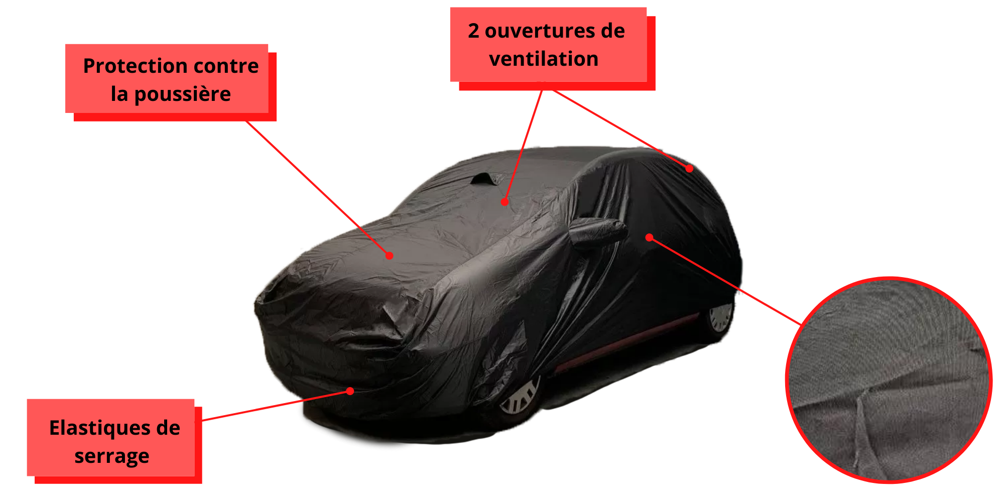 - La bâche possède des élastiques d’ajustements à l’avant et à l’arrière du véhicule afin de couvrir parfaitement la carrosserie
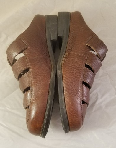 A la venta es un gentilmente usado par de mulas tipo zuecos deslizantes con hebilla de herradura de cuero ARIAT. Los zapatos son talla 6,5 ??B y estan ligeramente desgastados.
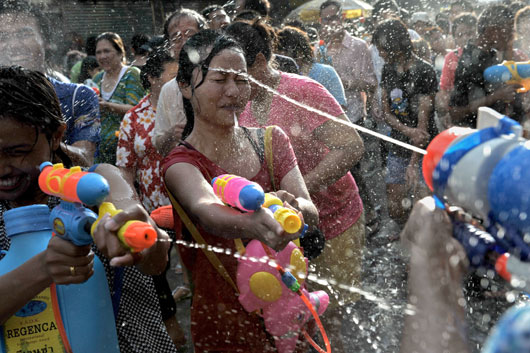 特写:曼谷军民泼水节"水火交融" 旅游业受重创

Aim of the exercise » The answer must be the data above, repeated exactly, with no pictures.

Problem solution »
 - La bâche possède des élastiques d’ajustements à l’avant et à l’arrière du véhicule afin de couvrir parfaitement la carrosserie
 A la venta es un gentilmente usado par de mulas tipo zuecos deslizantes con hebilla de herradura de cuero ARIAT. Los zapatos son talla 6,5 ??B y estan ligeramente desgastados.
 特写:曼谷军民泼水节"水火交融" 旅游业受重创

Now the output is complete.